Had lunch with a friend today that I hadn’t seen in a while, and as we are catching up, she tells me that her niece has had a similar experience to mine. She has been married for only a few years and they have 2 children. He recently told her he is not happy and he is starting to see someone at work, so he moves out. She goes, files for divorce, and has been getting her life together, and now that the husband sees how she is dealing with this realizes he wants her back yet she is still going through with the divorce. As I listen, I can’t help but feel uneasy as I am choosing to do the exact opposite. I am letting him walk all over me, hurt me, abandon me, and trash me all while he is out having fun and making these choices without regard to us, our marriage, or his promise.
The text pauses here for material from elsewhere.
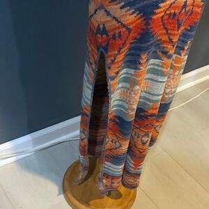Bold geometric patterns in blue and orange. Sleeveless design. Perfect for standout style. No flaws. New without tags. Never been worn.

It made me yet again question my decisions. In my heart, I am making the choices I am making not only because I love him, but because I don’t feel that marriage should be taken so lightly. I never entered into marriage for the piece of paper, I didn’t do it for financial security, and I didn’t do it because it felt like the next logical step. I did it because I love him, because he is my life, and because I wanted to spend the rest of my life with the man I love in a bond that was unbreakable. To me, marriage isn’t something you can try on and throw it away when you outgrow it, it takes work, hard work. In a marriage, divorce is not an option. That is why you stand before God himself and vow to him and each other that this is forever. If you have ever in your life thought, well if this doesn’t work out, we could always get divorced….then marriage is not for you! Things right now are at their worst, but I have never felt like I needed to give up, and I won’t. I will fight for my marriage because I believe in it and us. Every day, my heart grows heavy and breaks, but my love remains. Some might call my decision foolish but I believe in my heart that he will return. Our love is so strong, that even in the midst of all of this, we will find our way back to each other.